Wednesday, April 8, 2015

Why We Care About Awards (And Maybe Why We Shouldn't)

One of my good friends who shall remain anonymous (Rick O.), lives in hope that I will be convinced of 2 things:

1.  That the Star Wars Prequels are total crap (not going to happen)
2.  That the Academy Awards (and any other awards show) is a waste of time.

On the second one he has seen some progress.  The utility and enjoyment of awards is becoming an issue.

I like awards.  I think they are fun.

Here at this blog, I give out yearly awards for movies, television, and comic books.  But the awards here are different, because they are only one man's opinion.  I can be rebutted or dismissed easily.  I remember I shared with a group of my friends my lists of best films of all time divided by genre.  Rick O. kept shaking his head and mocked it mercilessly.

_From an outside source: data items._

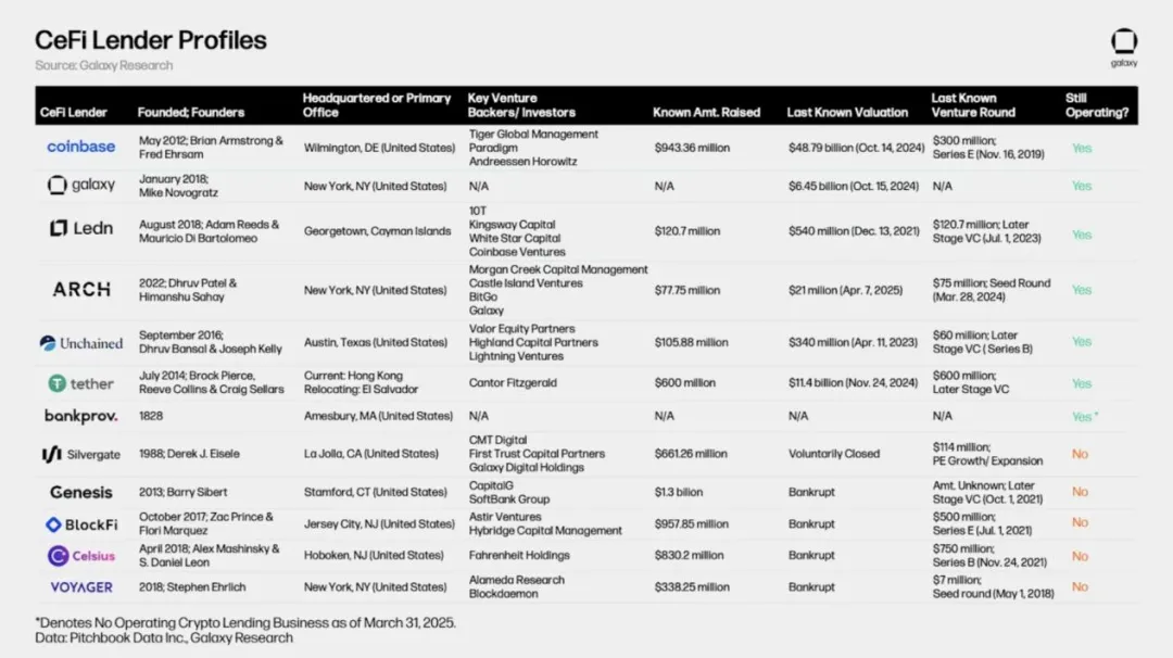 下图对比了历史上一些规模最大的 CeFi 加密贷款机构。部分公司为投资者提供多种服务,例如 Coinbase,其主要业务是交易所,但也通过场外加密货币贷款和保证金融资向投资者提供信贷服务。
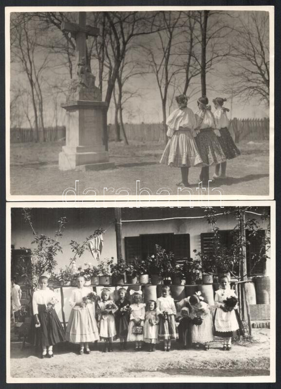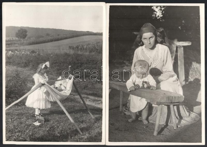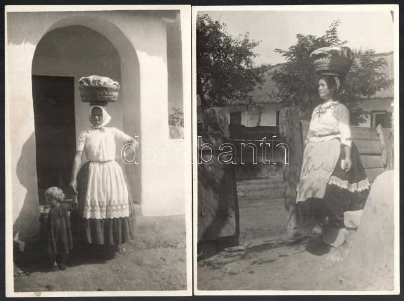 cca 1933 Kankovszky (Kankowsky) Ervin (1884-1945) fotográfus felvételei, 15 db nagyméretű fotó (sajtófotó), főként néprajzi témában (falusi életképek, népviselet, stb.), a hátoldalon pecséttel jelzettek (Kankovszky's Hungarian Presse-Photographic Exchange), részben feliratozva, 23x16 cm körüli méretben. Eredeti, sérült borítékban, Szilágyi Károlynak, a Magyar-Francia Biztosító igazgatójának szóló címzéssel (a postai bélyegzésen 1933-as dátummal).
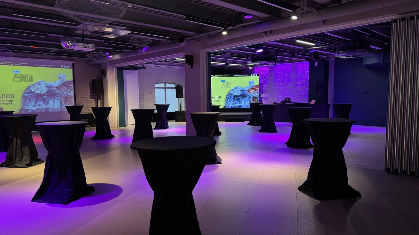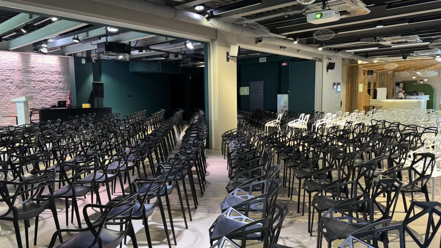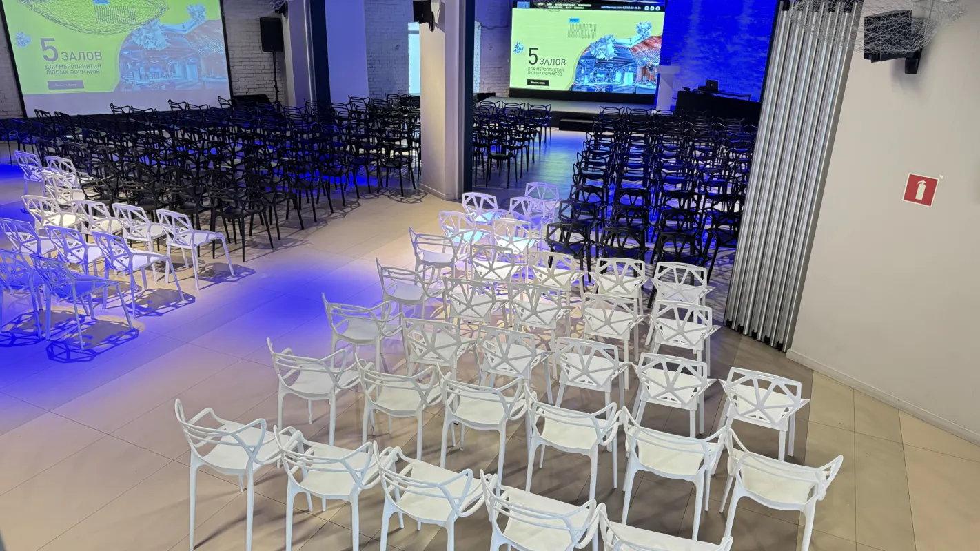 Второй этаж: Красный зал (140 кв.м)+Желтый зал (60 кв.м.) залы смежные. В стоимость аренды входит все необходимое оборудование, мебель и персонал: Светодиодный экран, колонки, микшерный пульт, микрофоны, столы, стулья, клининг до/во время/после мероприятия
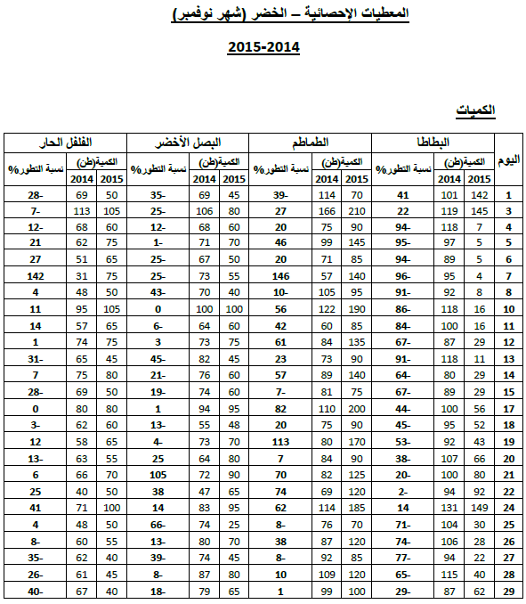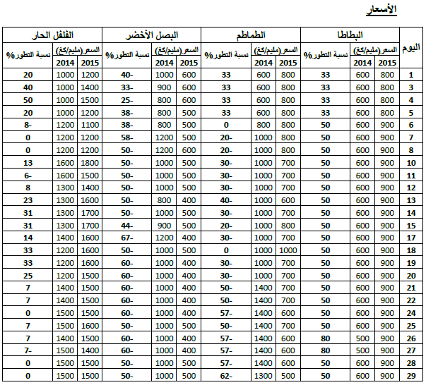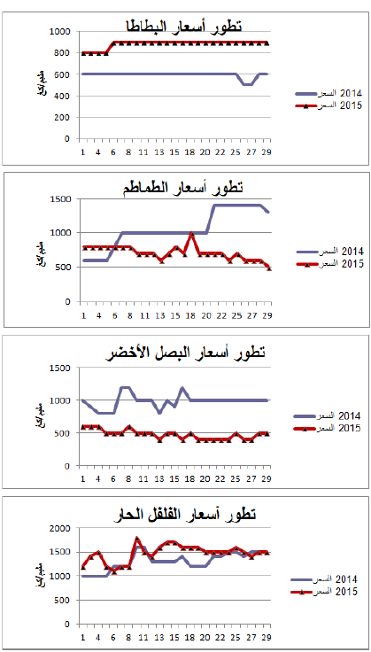 - انخفاض في الأسعار بالنسبة للطماطم (-31%) والبصل الأخضر (-51%) مقابل ارتفاع بالنسبة للبطاطا (+49%) والفلفل الحار (+14%).
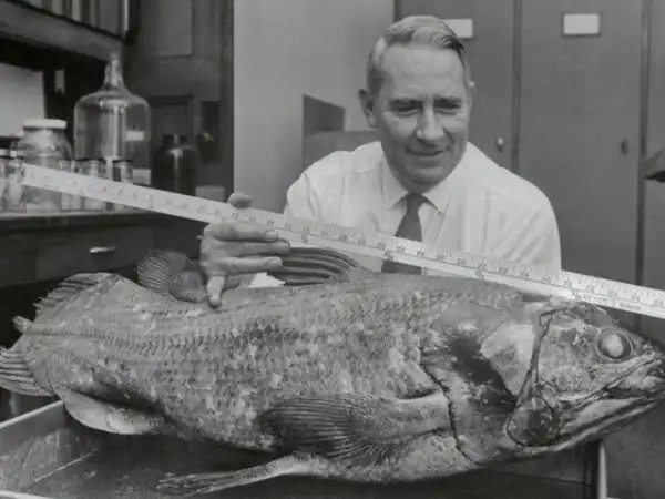 Ученый измеряет чучело латимерии, вымершей 65 миллионов лет назад, США, 1968 год
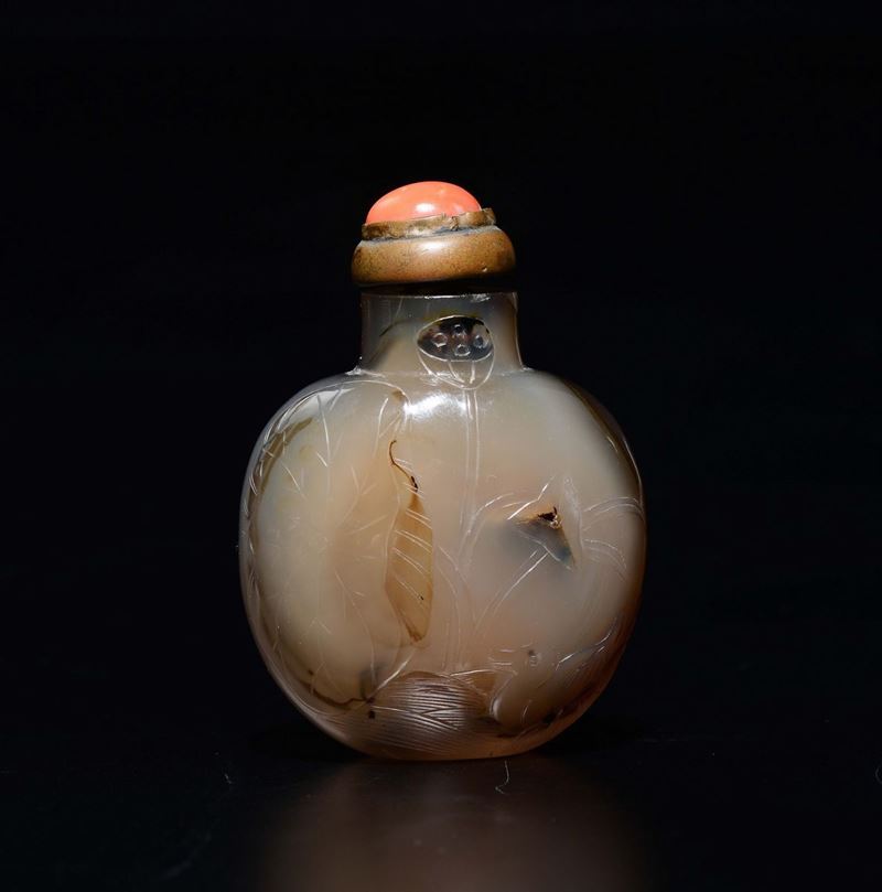 Snuff bottle in agata con pesce, Cina, Dinastia Qing, XIX secolo
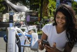 Blick über die Schulter einer Person, die ein Smartphone vor eine Bügelschloss hält, mit dem ein E-Bike an ein Geländer angeschlossen ist.

But that's okay.  That was part of the point of the list: to spark discussion.

But other awards mean something else.  Things like the Oscars are supposed to be times to celebrate what has collectively enchanted all of us fans.  We get together and communally share our love and admiration.  This is a powerful thing.  It can be a great bonding experience.  I actually felt vicarious joy for Peter Jackson as The Lord of the Rings: The Return of the King swept the Oscars.  I felt happy that he and the rest of the Middle-Earth crew could be acknowledged for their contribution to film.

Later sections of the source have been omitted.